The construction cost for n biodigestors is “B yen × n”, the transportation cost of methane gas by tank lorry is “T yen × m ₁ ”, where m ₁ is the number of transportation round trips, and the construction cost for large gas liquefaction equipment. Is "G yen" and the refinery construction cost is "E yen". Then, the total cost Q ₁ is “Q ₁ = Bn + Tm ₁ + G + E”.
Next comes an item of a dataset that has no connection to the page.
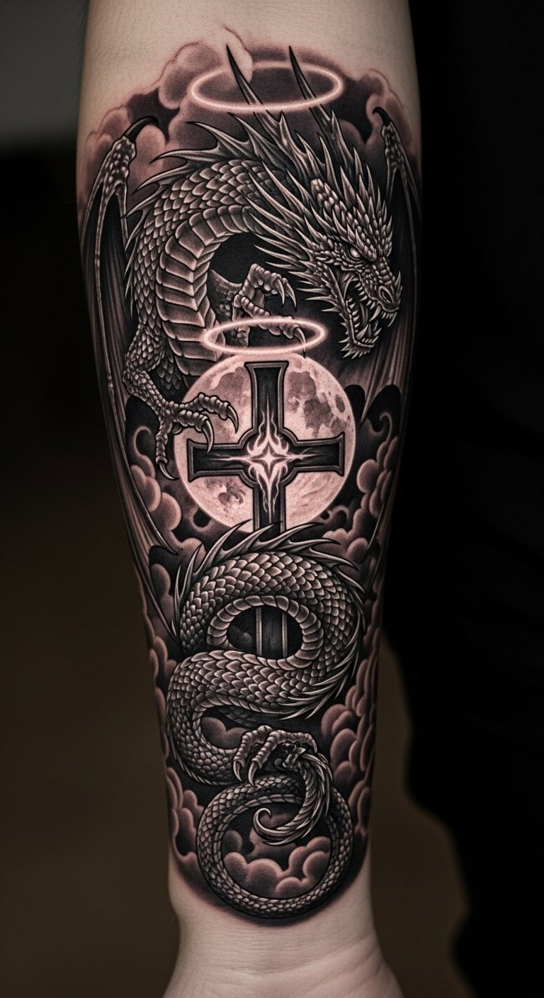 This tattoo symbolizes the eternal struggle between light and darkness, with the dragon representing power and transformation, while the moonlit cross embodies faith and protection.
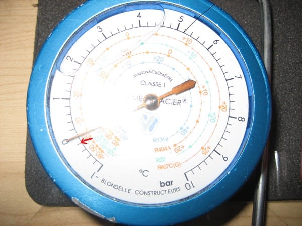 Gracias por tu, respuesta.Te comento, mis manómetros están calibrados en bar, pero tiene divisiones(10 div/bar) y como 1 bar =14,7libras aproxim. ( 2,14 libras= 3 div. ) el problema es que cantidad de gas r600 a le recargo el circuito por retorno y a qué( presión/temp ) lo dejo para no pasarme,ya que no tengo información de la etiqueta del frigo,pues carece de ésta.creo que la carga de gas está en torno a 60 grm.

  On the other hand, as shown in FIG. 13B, in the cluster type complex of the present invention, a microreactor (small gas liquefaction device) and a biodigestor are arranged adjacent to each other and connected by a pipeline. And it is the structure which conveys the gas liquefied oil produced | generated by the microreactor to the central refinery with a tank lorry.
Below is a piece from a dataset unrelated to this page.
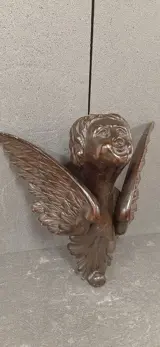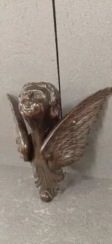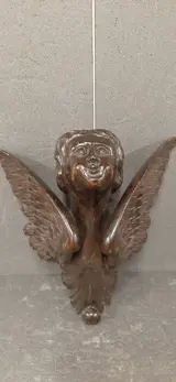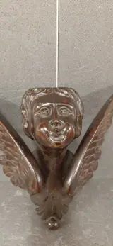 Gevleugeld engelenhoofd met de hand gesneden uit walnoot uit de eerste helft van de jaren 1900. Ik denk dat het een basis is voor een kerkelijke plank, waar toen kandelaars of andere sculpturen op stonden. Afmeting 46x45x25 cm. Ik denk dat het handig is om te verzenden met de 2 vleugels los (slechts 2 spijkers), op deze manier wordt de integriteit van het product gewaarborgd, eventuele afspraken worden echter na de verkoop met de koper gemaakt.

Similarly, the construction cost of n biodigestors is “B yen × n”, the construction cost of r microreactors (n ≧ r) is “M yen × r”, and the transportation cost of methane gas by tank lorry is transported back and forth. The number of times is m ₂ and “T yen × m ₂ ”, and the refinery construction cost is “E yen”. Then, the total cost Q ₂ is “Q ₂ = Bn + Mr + Tm ₂ + E”.

Therefore, the difference Q ₁ −Q ₂ is “T (m ₁ −m ₂ ) + (G−Mr)”. When the term “T (m ₁ -m ₂ )” is considered here, the methane gas that is a gas is transported in the non-cluster type complex, and the gas liquefied oil that is a liquid is transported in the cluster type complex of the present invention. The gas and liquid compressibility of methane gas is 1 mol = 22.4 l, the gas density is 717 g / cubic meter, and the liquid density is 415000 g / cubic meter, so the compressibility is approximately 500 times or more. Therefore, in the case of a non-cluster type complex that transports methane gas as a gas, the number of times of transport is 500 times that of the present cluster type. Therefore, for example, if the transportation cost per 100 km by tanker truck is 50,000 yen, the cost will be reduced by 25 million yen.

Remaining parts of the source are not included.